Copper fell on Friday after strong Chinese economic data raised fears that government stimulus programmes in the top metals consumer are not sustainable, and as the market also looked ahead to a key meeting of oil producers. China posted its slowest economic growth since 2009, but a surge of new debt appears to be fuelling a recovery in factory activity, investment and household spending in the world's second-largest economy.
"The Chinese numbers were pretty good - the problem is that they were too good," said Gianclaudio Torlizzi, partner at consultancy T-Commodity in Milan. The data showed that Chinese banks extended 1.37 trillion yuan ($211.23 billion) in net new yuan loans in March, nearly double the previous month's lending. "The Chinese government cannot continue to rely on such a big injection of credit. People can see this dynamic as unsustainable and there is speculation that the yuan can see financial outflows because people are scared."
Three-month copper on the London Metal Exchange closed down 0.5 percent at $4,807.50 a tonne after ending little changed the previous session. Prices gained 3.4 percent for the week, the most since the week of March 4. Also weighing on markets was uncertainty ahead of the weekend's meeting of major oil exporters, who want to rein in ballooning global production. Oil prices fell in thin trade as analysts said the meeting would do little to help to clear global oversupply quickly.

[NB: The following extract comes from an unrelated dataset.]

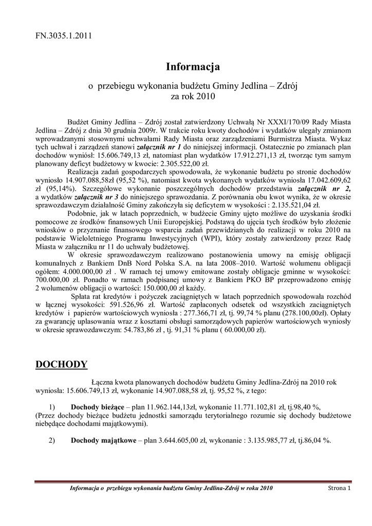 FN.3035.1.2011 Informacja o przebiegu wykonania budżetu Gminy Jedlina – Zdrój za rok 2010 Budżet Gminy Jedlina – Zdrój został zatwierdzony Uchwałą Nr XXXI/170/09 Rady Miasta Jedlina – Zdrój z dnia 30 grudnia 2009r. W trakcie roku kwoty dochodów i wydatków ulegały zmianom wprowadzanymi stosownymi uchwałami Rady Miasta oraz zarządzeniami Burmistrza Miasta. Wykaz tych uchwał i zarządzeń stanowi załącznik nr 1 do niniejszej informacji. Ostatecznie po zmianach plan dochodów wyniósł: 15.606.749,13 zł, natomiast plan wydatków 17.912.271,13 zł, tworząc tym samym planowany deficyt budżetowy w kwocie: 2.305.522,00 zł. Realizacja zadań gospodarczych spowodowała, że wykonanie budżetu po stronie dochodów wyniosło 14.907.088,58zł (95,52 %), natomiast kwota wykonanych wydatków wyniosła 17.042.609,62 zł (95,14%). Szczegółowe wykonanie poszczególnych dochodów przedstawia załącznik nr 2, a wydatków załącznik nr 3 do niniejszego sprawozdania. Z porównania obu kwot wynika, że w okresie sprawozdawczym działalność Gminy zakończyła się deficytem w wysokości : 2.135.521,04 zł. Podobnie, jak w latach poprzednich, w budżecie Gminy ujęto możliwe do uzyskania środki pomocowe ze środków finansowych Unii Europejskiej. Podstawą do ujęcia tych środków było złożenie wniosków o przyznanie finansowego wsparcia zadań przewidzianych do realizacji w roku 2010 na podstawie Wieloletniego Programu Inwestycyjnych (WPI), który zostały zatwierdzony przez Radę Miasta w załączniku nr 11 do uchwały budżetowej. W okresie sprawozdawczym realizowano postanowienia umowy na emisję obligacji komunalnych z Bankiem DnB Nord Polska S.A. na lata 2008–2010. Wartość wolumenu obligacji ogółem: 4.000.000,00 zł . W ramach tej umowy emitowane zostały obligacje gminne w wysokości: 700.000,00 zł. Ponadto w ramach podpisanej umowy z Bankiem PKO BP przeprowadzono emisję 2 wolumenów obligacji o wartości: 150.000,00 zł każdy. Spłata rat kredytów i pożyczek zaciągniętych w latach poprzednich spowodowała rozchód w łącznej wysokości: 591.526,96 zł. Wartość zapłaconych odsetek od wszystkich zaciągniętych kredytów i papierów wartościowych wyniosła : 277.366,71 zł, tj. 99,74 % planu (278.100,00zł). Opłaty za gwarancję uplasowania wraz z kosztami obsługi samorządowych papierów wartościowych wyniosły w okresie sprawozdawczym: 54.783,86 zł , tj. 91,31 % planu ( 60.000,00 zł). DOCHODY Łączna kwota planowanych dochodów budżetu Gminy Jedlina-Zdrój na 2010 rok wyniosła: 15.606.749,13 zł, wykonanie 14.907.088,58 zł, tj. 95,52 %, z tego: 1) Dochody bieżące – plan 11.962.144,13zł, wykonanie 11.771.102,81 zł, tj.98,40 %, (Przez dochody bieżące budżetu jednostki samorządu terytorialnego rozumie się dochody budżetowe niebędące dochodami majątkowymi). 2) Dochody majątkowe – plan 3.644.605,00 zł, wykonanie : 3.135.985,77 zł, tj.86,04 %. Informacja o przebiegu wykonania budżetu Gminy Jedlina-Zdrój w roku 2010 Strona 1 Do dochodów majątkowych zalicza się: a) Dotacje i środki otrzymane na inwestycje – (plan: 2.552.605,00 zł, wykonanie: 2.411.756,58 zł, z tego: 600-60016-6208 - plan w wysokości 642.605,00 zł, wykonanie 558.686,00 zł - dotacja celowa w ramach programów finansowych z udziałem środków europejskich oraz środków, o których mowa w art.5 ust.1 pkt 3 oraz ust.3 pkt 5 i 6 ustawy o finansach publicznych , lub płatności w ramach budżetu środków europejskich. Umowa o dofinansowanie projektu „Budowa i modernizacja dróg dojazdowych do miejsc atrakcyjnych turystycznie w Jedlinie-Zdroju nr UDA – RPDS.03.01.00-02033/09-00 w ramach Działania nr 3.1 „Infrastruktura drogowa” Regionalnego Programu Operacyjnego dla Województwa Dolnośląskiego na lata 2007-2013 ., 600-60016-6280 - plan w wysokości 162.000,00 zł, wykonanie 161.760,91 zł - dotacja celowa w ramach porozumienia zawartego z Powiatem Wałbrzyskim na dofinansowanie inwestycji. 630-63003-6208 - plan w wysokości 1.435.000,00 zł, wykonanie 1.401.200,50 zł – realizacja w II półroczu 2010 zgodnie z harmonogramem rzeczowo – finansowym. Umowa o dofinansowanie projektu „Uzdrowiskowy Szlak Turystyczno-Rekreacyjny w Jedlinie-Zdroju II etap nr WND – RPDS.06.01.00-02-005/09 w ramach Działania nr 6.1 „Turystyka Uzdrowiskowa” Regionalnego Programu Operacyjnego dla Województwa Dolnośląskiego na lata 2007-2013 , 801-80101-6330 - plan w wysokości 63.000,00 zł, wykonanie 63.000,00 zł (100,00%) – dotacja na pokrycie kosztów utworzenia szkolnego placu zabaw w ramach Rządowego Programu wspierania w latach 2009-2014 organów prowadzących w celu zapewnieniu bezpiecznych warunków nauki, wychowania i opieki w klasach I-III szkół podstawowych i ogólnokształcących szkół muzycznych I stopnia „Radosna szkoła”. 900-90078-6330 - plan w wysokości 250.000,00 zł, wykonanie 227.109,17zł – uzyskanie dotacji z rezerw celowych budżetu państwa na dofinansowanie zadania związanego z usuwaniem skutków powodzi z 2009 roku. b) Dochody ze sprzedaży majątku – plan 1.072.000,00 zł, wykonanie 704.859,54 zł, tj.65,76 %, z tego: 700-70005-0770 plan 1.060.000,00 zł, wykonanie 702.505,29 zł, 010-01095-0870 plan 10.000,00 zł, wykonanie 0,00 zł, 020-02001-0870 plan 2.000,00 zł, wykonanie 2.390,25 zł. Łączna kwota wpływów (702.505,29 zł) wynikała ze sprzedaży następujących składników majątkowych Gminy: - 24 lokale mieszkalne – kwota uzyskanych dochodów z tego tytułu: 85.866,15 zł, - 2 garaży na kwotę : 22.090,00 zł, - 3 lokali użytkowych (sprzedaż ratalna) uzyskano dochody z tego tytułu: 19.534,94 zł, - 5 nieruchomości gruntowych niezabudowanych, uzyskano dochody z tego tytułu: 345.010,00 zł, Współtworzyły ją również raty wpłacone na podstawie aktów notarialnych zawartych w latach ubiegłych (230.004,20 zł). Sprzedaż ratalna majątku Gminy dotyczyła następujących nieruchomości: - l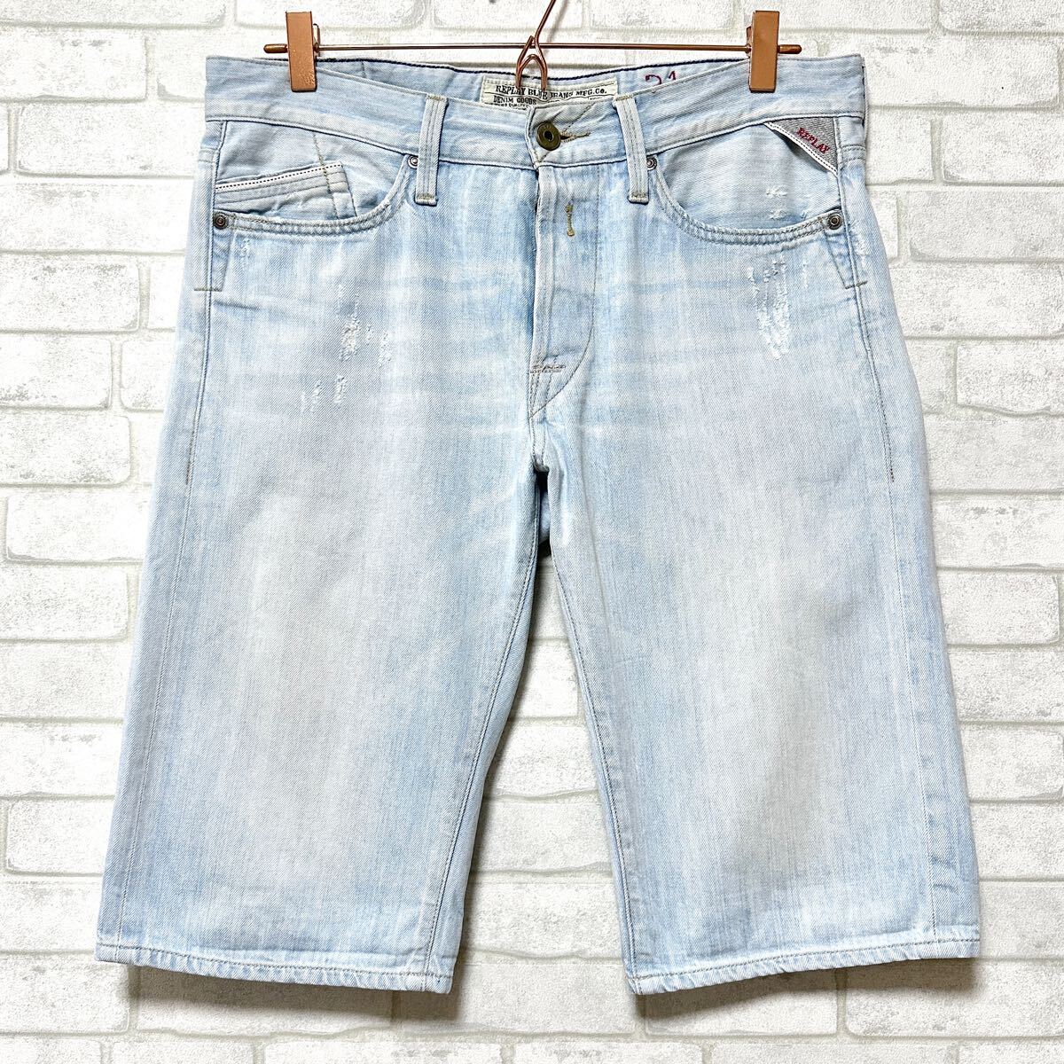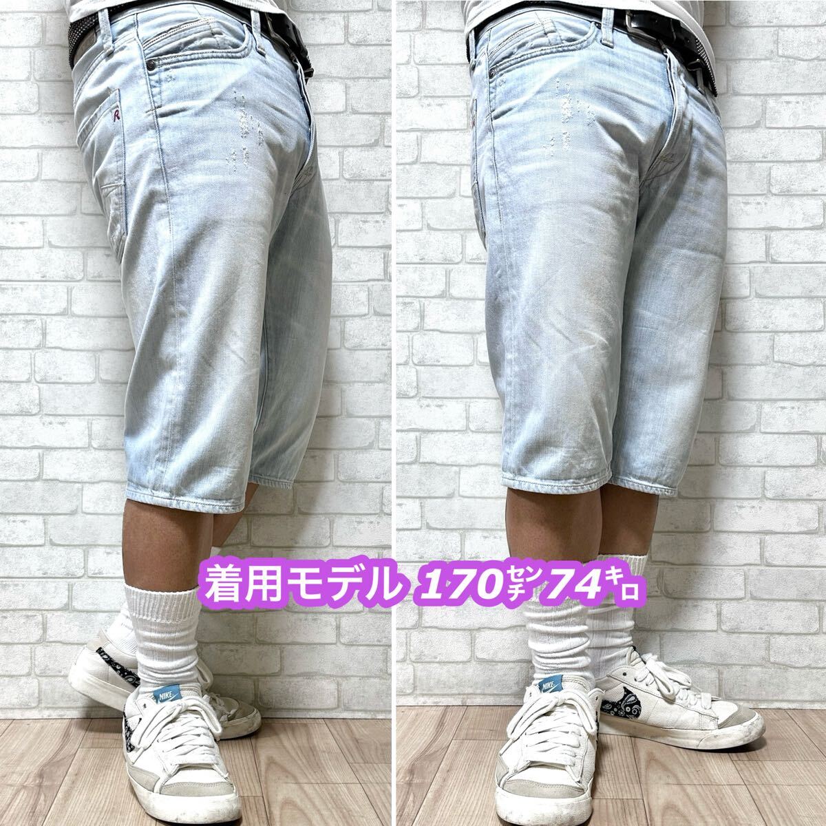 ☆ユーズド加工、ウォッシュ加工を施した雰囲気抜群のデニムショーツ。更にバックにはレザーパッチを配置。また、ロゴ入りのボタンやリベット、ピスタグなどを配置した細部までこだわりの詰まったアイテムです。

Aluminium shed 0.3 percent to end at $1,555.50, also dented by uncertainty after China agreed on Thursday to scrap some export subsidies on a range of products, including aluminium. China's deal could flood a saturated global market with aluminium and steel products as producers scramble to sell excess metal ahead of the changes, prolonging the industry's pain, traders said. Chinese indicators, on the face of them, were encouraging for metals demand. Industrial output growth quickened to 6.8 percent in March, surprising analysts who had expected it to rise 5.9 percent on an annual basis.
The upbeat data encouraged some buying by commodity trading advisers, who run funds that largely rely on momentum signals, which for many metals were still bullish, Torlizzi said. Also offering some support was a weakening of the dollar index after US industrial production fell more than expected in March and consumer sentiment weakened. In other metals, LME zinc rose 0.3 percent to close at $1,872, lead finished 0.2 percent higher at $1,716, tin edged up 0.02 percent to $17,155, while nickel slipped 0.8 percent to end at $8,915.